Phase 1/2 Update: Concurrent Enzalutamide–Cabazitaxel Produces Durable PFS Signal in mCRPC
The updated Phase 1/2 data for concurrent enzalutamide plus cabazitaxel in chemo‑naïve mCRPC show deep biochemical responses and a promising signal for progression‑free outcomes, but the dataset remains hypothesis‑generating.
In a multi‑institutional single‑arm trial of enzalutamide with cabazitaxel (plus prednisone), 35 patients were included in the efficacy analysis with a median follow‑up of 23.7 months; 61.1% of patients achieved a ≥90% PSA decline (PSA90) (95% CI 43.5–76.9) and about 80% achieved PSA50.
Median PSA‑progression‑free survival was 11.9 months (95% CI 9.2–15.4), median radiographic PFS was 22.2 months (95% CI 13.6–25.2), and median overall survival was 25.1 months (95% CI 19.4–37.6) in the reported analysis.
Among 28 radiographically evaluable patients the objective response rate was 50% (14/28), including three complete responses and eleven partial responses.
Pharmacokinetic testing within the study detected a drug–drug interaction: enzalutamide co‑administration reduced cabazitaxel exposure (notable reductions in Cmax/AUC), which has implications for dosing and scheduling if this approach is tested further. Safety events were consistent with known profiles of each agent; the presentation with hematologic and non‑hematologic adverse events without a clear new synergistic toxicity signal.
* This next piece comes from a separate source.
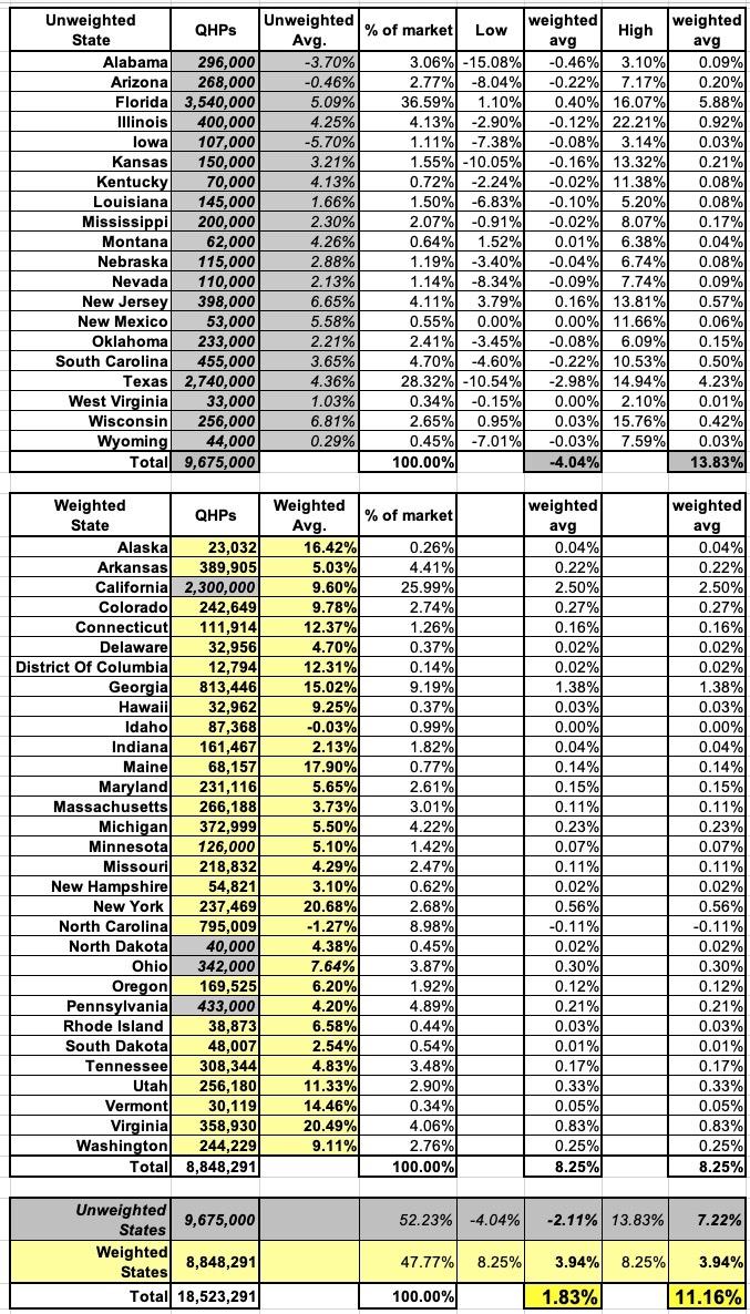 UPDATE: I decided to go the extra mile and see how wide the hypothetical range is for a fully weighted national average across all 50 states+DC by assuming 100% of all enrollees in the unweighted states were enrolled with carriers having the lowest and highest average 2024 rate changes. As you can see below, if you assume that the carriers with the lowest rate changes had 100% market share in those states, it would drop the weighted national average down to a 1.8% increase overall; if you assume the carriers with the highest rate changes had 100% market share, it would increase the weighted national average up to 11.2%.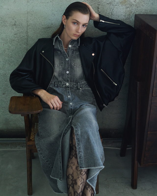 ライダースジャケットを、女性らしいシルエットに落とし込んだ一着。

Because the trial is single‑arm, small, and used PSA90 as its primary efficacy metric, cross‑trial comparisons are limited and these results should be viewed as hypothesis‑generating rather than practice‑changing; a randomized comparison versus standard sequential therapy (ARSI then taxane) is needed to demonstrate whether the deeper PSA responses and PFS signal translate into durable clinical benefit and survival advantage.